Commanders and leaders
- Hosni Mubarak Ahmed ibn Ali bin Hussein ibn Dawud †: David Elazar Benny Peled David Ivry

Casualties and losses
- 7 air bases damaged: 2 A-4 Skyhawks lost, 2 pilots killed

= Operation Tagar =

1973 battle of the Yom Kippur War

Operation Tagar (תגר, Quarrel) was the name of an Israeli Air Force operation which took place over Egypt on October 7, 1973, the second day of the Yom Kippur War.

The operation was preplanned as a sweeping operation to destroy all of the Egyptian surface-to-air missile batteries on the Egyptian front, by using unguided, general-purpose bombs dropped from a medium altitude near the targets. The attacking aircraft were to approach the targets at a very low altitude, in order to avoid being detected by Egyptian radars (especially fire control and target acquisition radars such as the Flat Face and Long Track).

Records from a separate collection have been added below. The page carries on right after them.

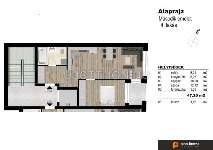 Ez az ingatlan a 2. emeleten található ( liftes ).
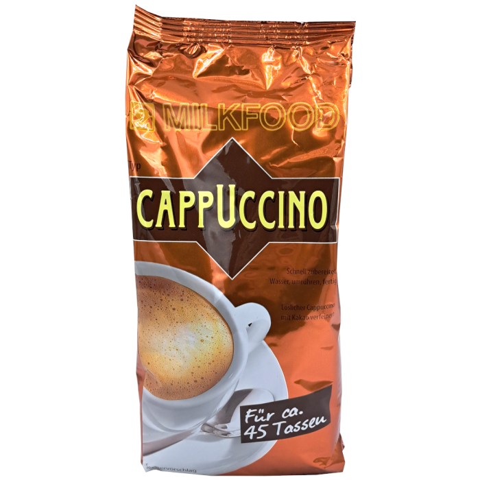Milkfood Cappuccino is a delicious instant coffee made in a snap. Add about 22 grams to a splash of cold water. Stir until a creamy, smooth liquid forms, then pour in hot water. Stir one more time, and your delicious Cappuccino is ready. Serves about 45 cups.
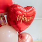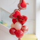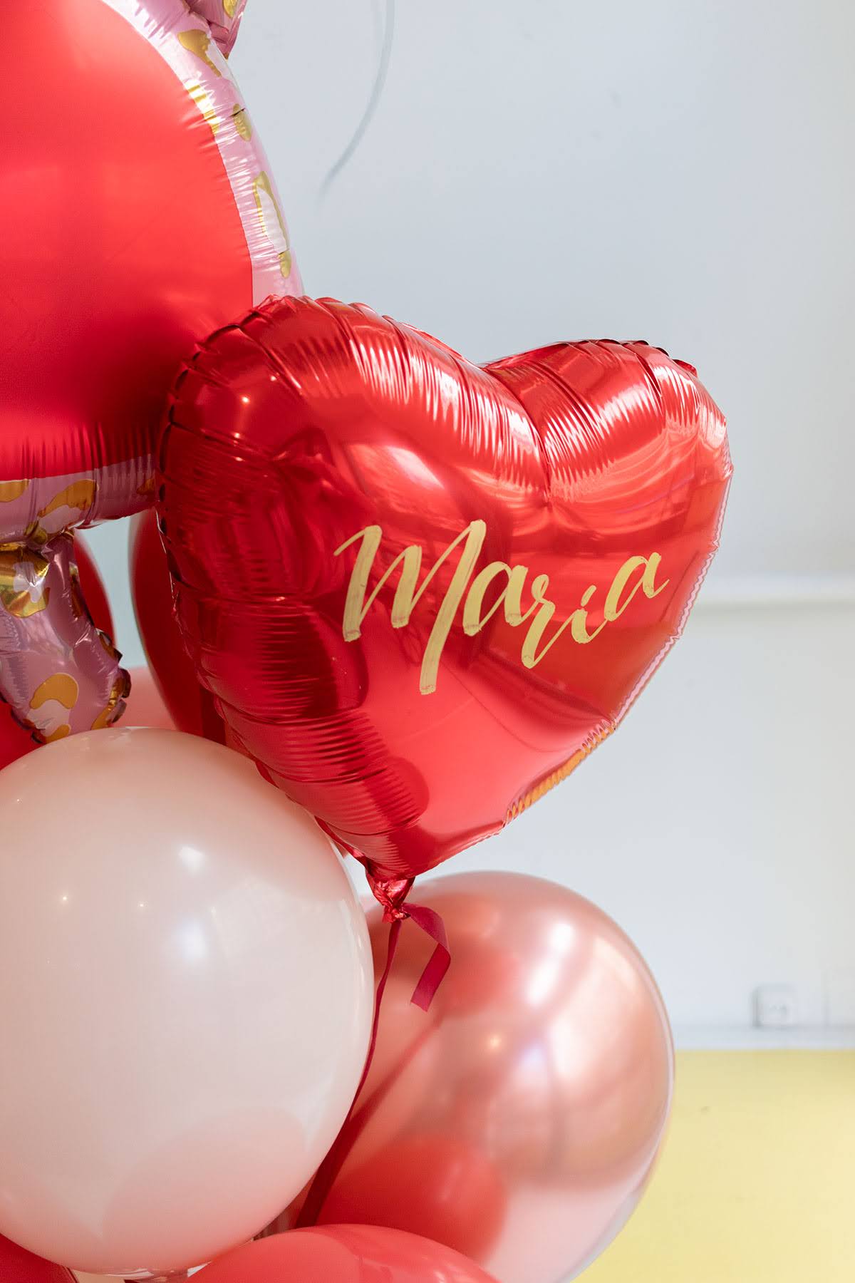 Ramo de globos hinchado con helio compuesto por 1 globo de foil en forma de leopardo de gafas, 1 corazón de foil de 35cm el cual podrás personalizar con un texto pequeño y 10 globos de látex de 28cm. Todo sujetos por unos flecos de papel y atados a un tarrito de chuches.

The operation was composed of three attack waves, the first of which was to disable Egyptian Air Force bases, while the aim of the following two waves was to demolish the Egyptian missile batteries.

The operation was discontinued after the first attack wave damaged several Egyptian air force bases, due to the need for more air power on the Syrian front and in order to execute Operation Doogman 5.